At FCA, we always need help with mailings, filing, organizing the library, tabulating survey results and sorting out our many materials, so when Sara Kruse approached FCA’s Program Director Donna Schempp to ask if we needed volunteer help, we were thrilled.
Sara started coming to the office once a week and soon became invaluable to the workings of FCA. She has helped us for the past three years, but she is now moving to the Northernmost part of California, and will be sorely missed around the office.
Before she left, Sara related her story of caregiving. She was formerly a client of FCA’s. She says that the support she received helped her to get through the challenges of caring for her mother, and that is why she wanted to give back through volunteer work. Many of the themes of her story will resonate with others of you who are also family caregivers.
Sara and her brother cared for her mother for many years and through varying illnesses before dementia set in. Finally, her behavior became difficult to deal with and Sara went to help her brother, who had been the primary caregiver for her mother. Problems multiplied and after her mother actually ate a thermometer, she ended up in the hospital. While there, her mother fell and broke her pelvis and then developed congestive heart failure. Sara soon learned that patients who have dementia need their families to be on constant alert to make sure their loved ones get proper care in the hospital. It was then that Sara realized that her mother was going to need full-time care and moved her mother to California to live with her. Over the next few years, her mother became incontinent, had compression fractures due to osteoporosis, and was agitated due to her dementia.
Although dealing with her own disability, Sara took on the care of her mother for two years, and continued to care for her for another year in a nursing home after her mother broke her thigh and was unable to walk again. As when her mother was in the hospital, she found her mother needed a constant advocate in the nursing home to guarantee she was well cared for.
During that time, Sara experienced some common consequences of caregiving. She said the first thing was that she ran up credit card debt in order to cover her own expenses while caring for her mother. Her brother helped with some finances, which meant he was unable to retire as they needed his earning power to cover the bills.
Second, she developed stress-related illnesses, such as high blood pressure, weight gain, depression, stomach distress and disturbed sleep. Meanwhile, she was still having surgeries for her own disability. Navigating the maze of getting Medi-Cal for her mother when she went to the nursing home, she says, was another nightmare.
Like others who have had to put their lives on hold while caregiving, Sara has had to deal with paying very high premiums for health insurance. After her COBRA plan expired, she had to use the California Major Medical Plan, and her monthly insurance costs rose from $380 per month to more than $900 per month. Having a pre-existing condition makes getting medical insurance very difficult if you are not working for a company. Also, she did not pay into social security during that time, thus reducing her monthly social security income now that she is 65.
There are a few things Sara feels all caregivers go through. The first is guilt. She says she can still remember all those little things she didn’t do right, and the times that she was impatient and blamed herself for her mother’s problems.
Second is isolation. Sara says all caregivers need help, whether from family, friends or other social supports. Caregivers don’t need to protect others from their complaints—sometimes complaining is very therapeutic.

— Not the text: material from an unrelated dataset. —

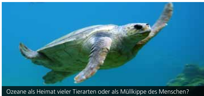
Ozeane als Heimat vieler Tierarten oder als Müllkippe des Menschen?

Anlässlich des Wissenschaftsjahres 2016*17 „Meere und Ozeane“ wird im Sommersemester 2016 der Schwerpunkt auf die Forschung rund um diesen Lebensraum gelegt, um einen aktuellen Einblick in die damit verbundenen Wissenschaftszweige zu geben. Drei große Themenfelder stehen im Mittelpunkt des Wissenschaftsjahres, an welche auch das Colloquium anknüpfen möchte: Entdecken. Nutzen. Schützen. Wie kann die Meeresforschung dazu beitragen, gesicherte Daten zu erhalten, um zu helfen, den Lebensraum Ozean besser verstehen zu lernen, besser nutzen zu können und dabei aber vor allem auch besser schützen zu können? Im Rahmen des Colloquium Fundamentale werden Fragen wie folgende kontrovers diskutiert: Wie groß sind die Risiken eines Tiefseebergbaus, um die immer begehrteren Rohstoffvorkommen am Meeresboden zu gewinnen? Wie stark dürfen die Ozeane durch die zunehmende Frachtschifffahrt ausgelastet werden, ohne den Lebensraum zu gefährden? Wie kann die zunehmende Verschmutzung der Meere vor allem durch Mikroplastik gestoppt bzw. rückgängig gemacht werden? Das Colloquium „Mensch und Meer: Zwischen Nutzen und Ausbeutung“ eröffnet Prof. Dr. Reinhold Leinfelder von der Freien Universität Berlin am Donnerstag, 12. Mai 2016 um 18.30 Uhr im NTI-Hörsaal mit dem Vortrag „Welterbe Ozean“. Nähere Informationen und alle Termine unter: www.zak.kit.edu/colloquium_fundamentale .

Third is support. This means not being criticized by others, having others help in the caregiving and just getting understanding. Respite care is also a part of this. Luckily, Sara and her brother worked well together—but Sara knows this isn’t true for all families.
As Sara moves into her new home near the ocean, we wish her tranquility and good health. We thank her for her expert skills, her sense of humor and her willingness to tackle any task. We were fortunate in having someone who not only was familiar with the challenges of caregiving, but with the challenges of office work too! And we are actively searching for volunteers to fill the space left by her absence.